F-16 jets at Incirlik air base (AFP)

15 August 2016

Washington think-tank says it is a ‘roll of the dice’ for US to keep estimated 50 weapons at Incirlik base due to coup and Syria war.

Dozens of US nuclear weapons stored at a Turkish air base near Syria are at risk of being captured by “terrorists or other hostile forces”, a Washington think tank said on Monday.

The US has an estimated 50 nuclear bombs at Incirlik in southern Turkey, 110km from the border with Syria.

The base’s Turkish commander was arrested on suspicion of complicity in last month’s coup plot.

“Whether the US could have maintained control of the weapons in the event of a protracted civil conflict in Turkey is an unanswerable question,” said Monday’s report from the Stimson Center, a nonpartisan think tank working to promote peace.

Incirlik is a vital base for the US-led coalition fighting the Islamic State (IS) group in Iraq and Syria, giving drones and warplanes fast access to IS targets.
But the US defence department in March ordered families of US troops and civilian personnel stationed in southern Turkey to leave due to security fears.
“From a security point of view, it’s a roll of the dice to continue to have approximately 50 of America’s nuclear weapons stationed at Incirlik,” report co-author Laicie Heeley said.

“There are significant safeguards in place.
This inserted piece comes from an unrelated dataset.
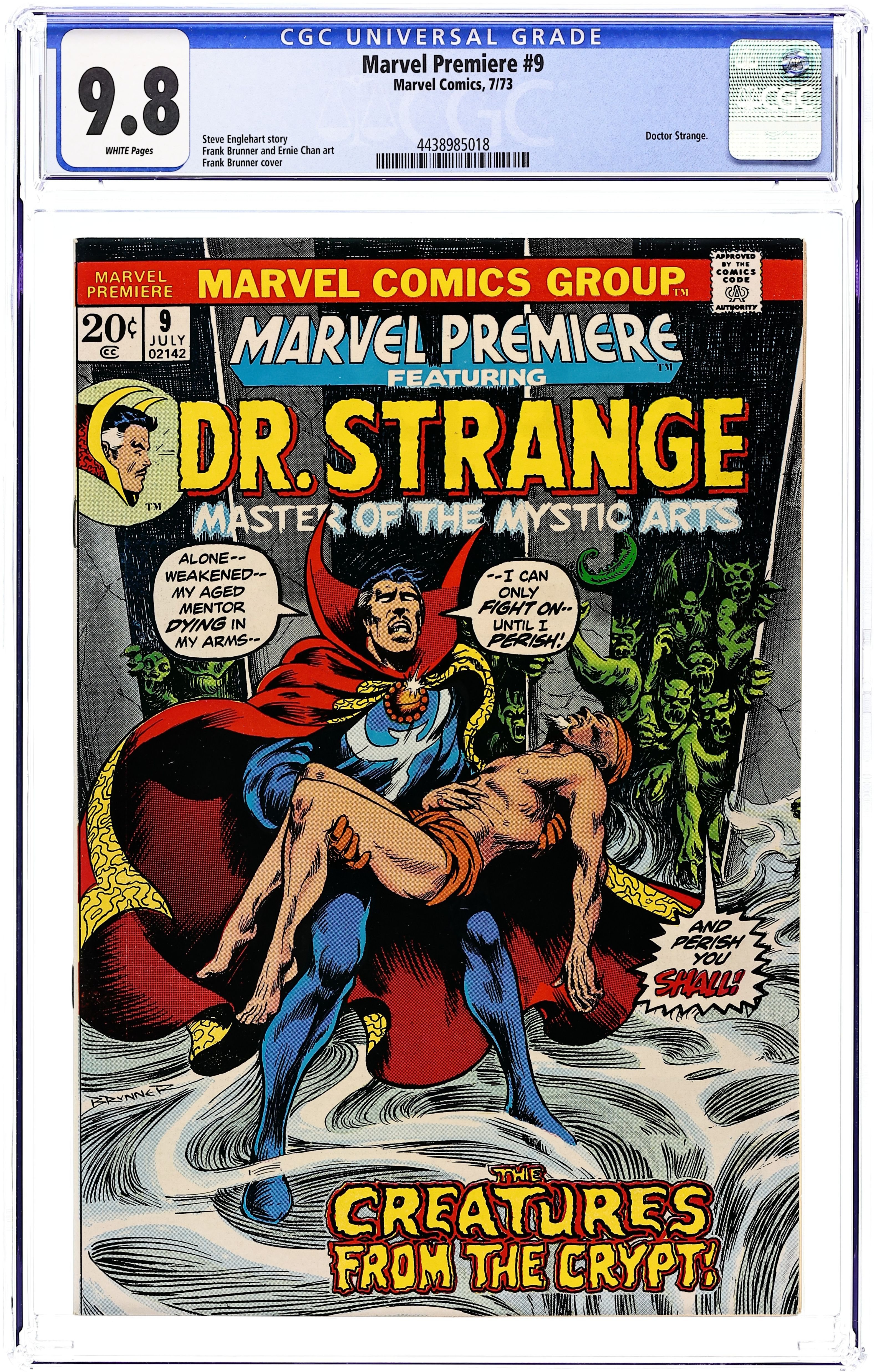 Cover art by Frank Brunner. The Crypts of Kaa-U!, script by Steve Englehart (co-plot, script) and Frank Brunner (co-plot), pencils by Frank Brunner, inks by Ernie Chan [as Ernie Chua]; Strange finds essence of Shuma-Gorath, whose trail leads to crypts of Kaa-U, where The Ancient One has gone to die; The Ancient One saves Strange from attack of Shadowmen, & Shuma-Gorath emerges from the Ancient One's mind. 36 pgs. $0.20. Cover price $0.20. Grade: CGC 9.8 explanation of grade Condition: Used (collectible)

But safeguards are just that, they don’t eliminate risk. In the event of a coup, we can’t say for certain that we would have been able to maintain control,” she told AFP.

‘Avoided disaster so far’

The bombs are believed to be kept at Incirlik as a deterrent to Russia and to demonstrate America’s commitment to NATO, the 28-member military alliance that includes Turkey.

The issue has been the subject of renewed debate in the United States since the coup attempt.

“While we’ve avoided disaster so far, we have ample evidence that the security of US nuclear weapons stored in Turkey can change literally overnight,” Steve Andreasen, director for defence policy and arms control on the White House National Security Council staff from 1993 to 2001, wrote in the Los Angeles Times last week.

Kori Schake, a fellow at the California-based Hoover Institution, noted in a written debate in the New York Times that “American nuclear forces cannot be used without codes, making the weapons impossible to set off without authorisation”.
“The fact that nuclear weapons are stationed in Turkey does not make them vulnerable to capture and use, even if the country were to turn hostile to the United States,” she argued.

The defence department declined to comment on questions arising from the Stimson study.

“We do not discuss the location of strategic assets. The [department] has taken appropriate steps to maintain the safety and security of our personnel, their families, and our facilities, and we will continue to do so,” it said in a statement.
The Incirlik concerns were highlighted as part of a broader paper into the Pentagon’s nuclear modernisation programme, through which the US would spend hundreds of billions of dollars to update its arsenal.

The authors say the B61 gravity bomb, 180 of which are kept in Belgium, Italy, Germany, the Netherlands and Turkey, should be immediately removed from Europe.